Así que regresamos a pie a la casa del hakim —dijo Sarji—, y fue él quien ideó todo esto. Incluso tenía la ropa preparada, porque, según él mismo dijo, hace muchas lunas que pensó que un día debería escaparse de Bhithor. ¿Y cómo mejor que con el atuendo de uno de los sirvientes del palacio, que iban a todas partes sin que nadie se fijara en ellos? De modo que pidió a Manilal que comprara ropa en el bazar y que preparara dos conjuntos para utilizarlos en caso de necesidad. Y más tarde, creyendo que podría llevarse con él a una o a ambas Ranis, dos más, y después, el quinto y el sexto, por si alguien más de Karidkote se fuera a marchar. Nos pusimos esa ropa y vinimos aquí, sin que nadie reparara en nosotros ¿comprende?

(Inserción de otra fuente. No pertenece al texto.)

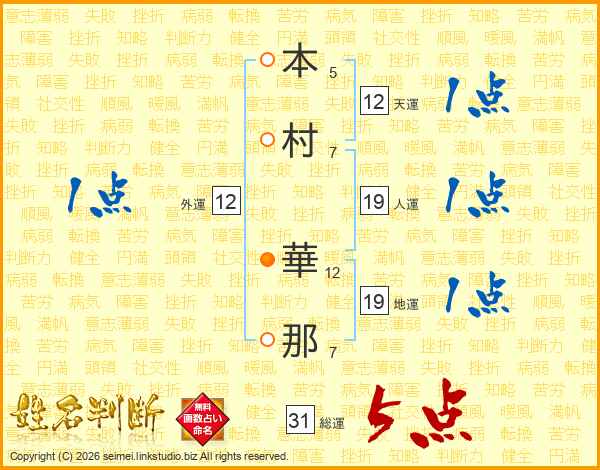 本(5画)村(7画) 華(12画)那(7画)
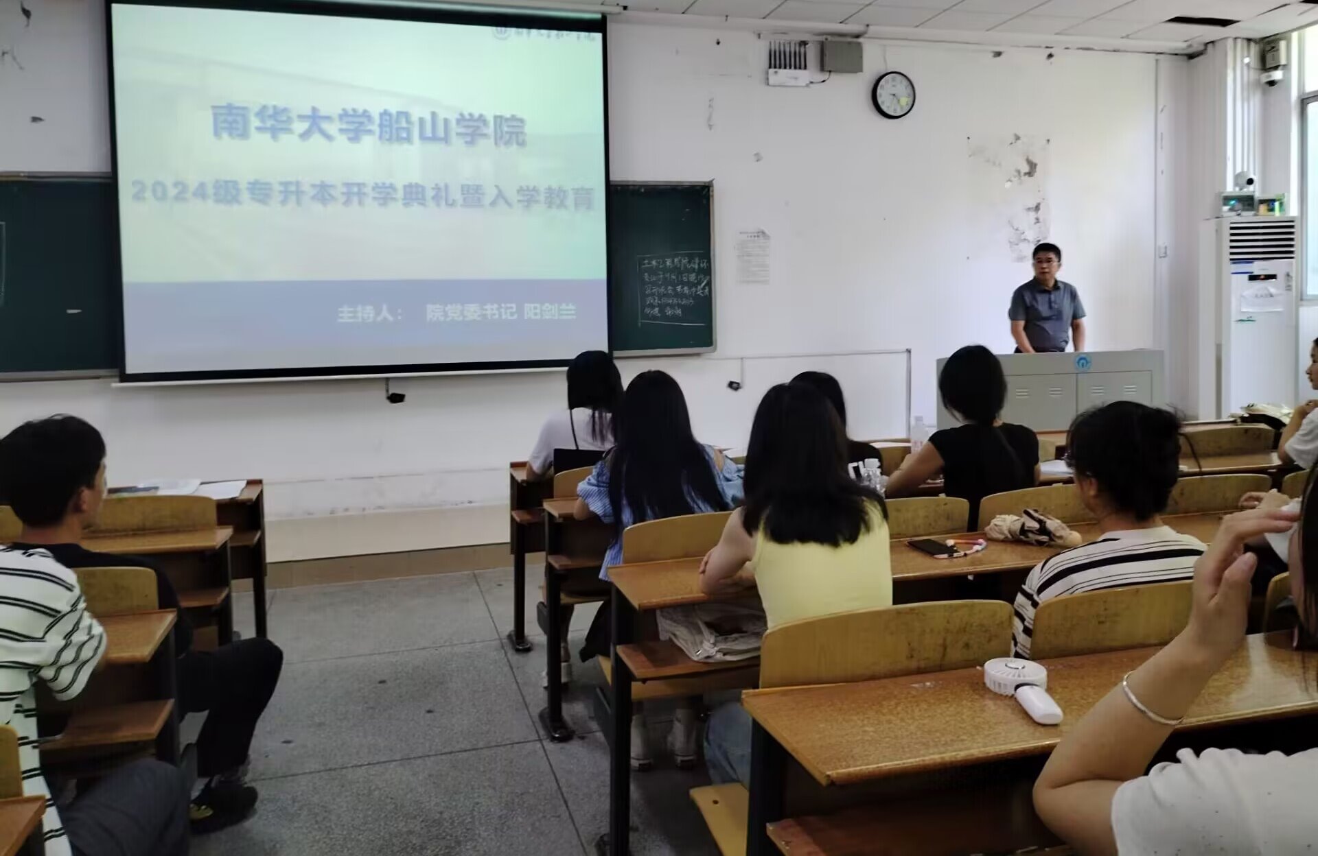 9月1日下午,船山学院在南华楼112教室举行2024级专升本开学典礼暨入学教育。学院院长曾庆生、党委书记阳剑兰、副院长廖迎春、党委副书记殷志、周英、唐慧、段元润、24级专升本班助、2024级专升本新生等160余人参加此次会议。

Bien. Procure que el extremo del turbante no se le caiga y lo descubran. Ahora sígame, y ruegue a su Dios que no nos den el alto.
Nadie los molestó. Todo resultó absurdamente fácil, ya que lo efectivo del plan de Gobind residía en el hecho de que el Rung Mahal y los otros palacios reales de Bhithor estaban llenos de servidumbre; quizá muchos más de los necesarios y, desde luego, demasiados para que cualquiera de ellos conociera de vista a más de un tercio del resto, aun cuando no estuvieran de servicio y pudieran llevar el rostro descubierto. También en esta ocasión había mucha atención en los guardias de la terraza como para advertir que dos hombres con atuendo de sirvientes reales habían subido por las escaleras, mientras que después sólo bajó uno.

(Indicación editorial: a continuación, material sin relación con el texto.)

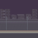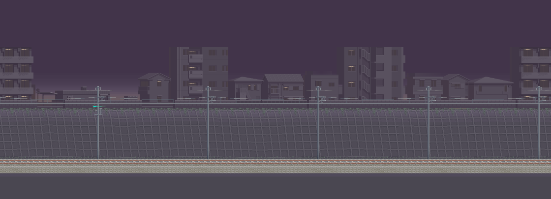3 31 開幕デモシーンとジャンプした時しか画面に入らないけど 擁壁の上の建物もちゃんと描きました 21/10/14 22:05
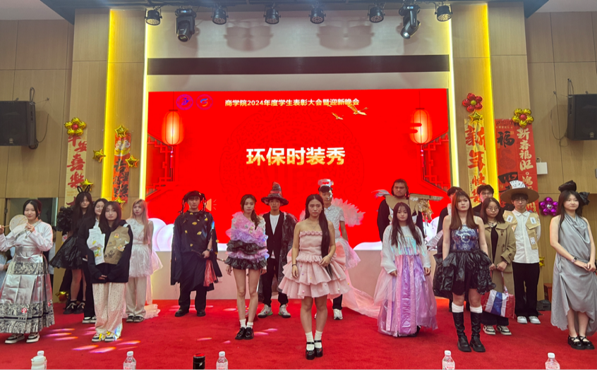 大会在众人的翘首期盼中拉开帷幕。大会伊始,便迎来了一场别开生面的视觉盛宴——由学生们匠心独运、亲手设计的环保时装逐一精彩亮相。那些用废弃材料巧妙重塑而成的服饰,或飘逸灵动、或个性前卫、或典雅精致,风格各异却无一不让人惊叹叫绝。模特们的自信展示与独特设计相互辉映,瞬间牢牢吸引了全场的目光,点燃了现场的热烈氛围,引得台下观众掌声雷动,欢呼不断。
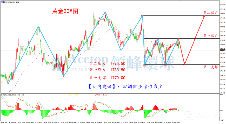 从上图黄金30M周期走势图来看,黄金目前可看做区间震荡走,上轨压力1783.5附近,下轨支撑1770.0附近。震荡走势的突破方向通常顺应原趋势方向,黄金此前为多头上行趋势,后市上破概率较大。结合MACD指标来看,DIFF线与DEA线死叉向下,绿色能量柱逐渐变长,表明空头力量暂时占优,短线可能还有下跌空间,日内操作可等待其下跌至区间下轨1770.0附近尝试多单。
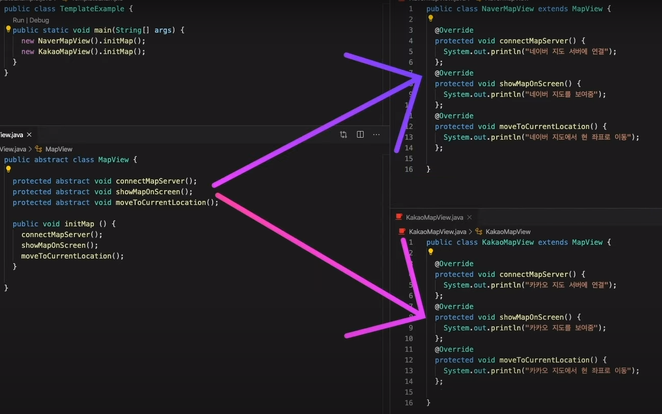 - 다양화된 방식을 각각 자식클래스들에서 오버라이딩하는 방식으로 구현한다.
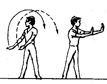 [教材要点]两臂划圆,至左侧时坐腕立掌,摆臂时两肩放松,身体随之微转。
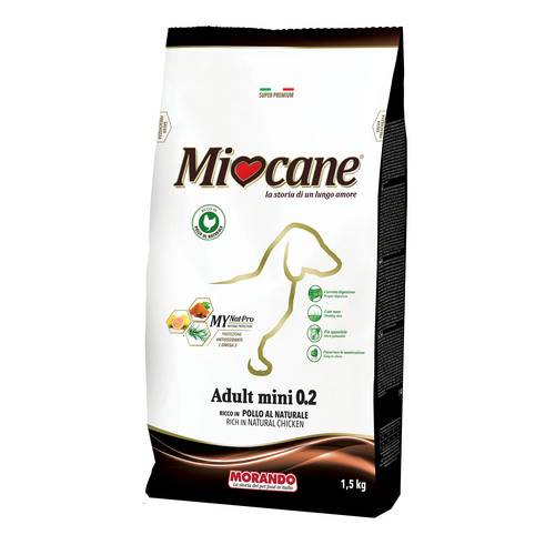 Miocane Adult mini 0.2 Alimento completo per cani adulti con peso inferiore ai 10 kg, crocchette mini gusto pollo.

Tras la semioscuridad del pasadizo inferior, la luz resultó tan intensa, que Ash tuvo que cerrar los ojos cuando siguió a Sarji al piso inferior del pabellón principal, donde había apostados media docena de miembros de la guardia de corps personal del Rana, para evitar que entrara la gente. Pero no se fijaron en un par de sirvientes palaciegos, y Sarji pasó con ligereza entre ellos y subió por una escalera de caracol que conducía al segundo piso, donde colgaban unas cortinas de purdah entre las arcadas.
Ash, que seguía detrás de él, le oía murmurar algo, y se dio cuenta de que estaba rezando, sin duda en prueba de gratitud. Por fin, ambos llegaron arriba, y Sarji levantó una pesada cortina, al tiempo que le hizo señales para que entrase.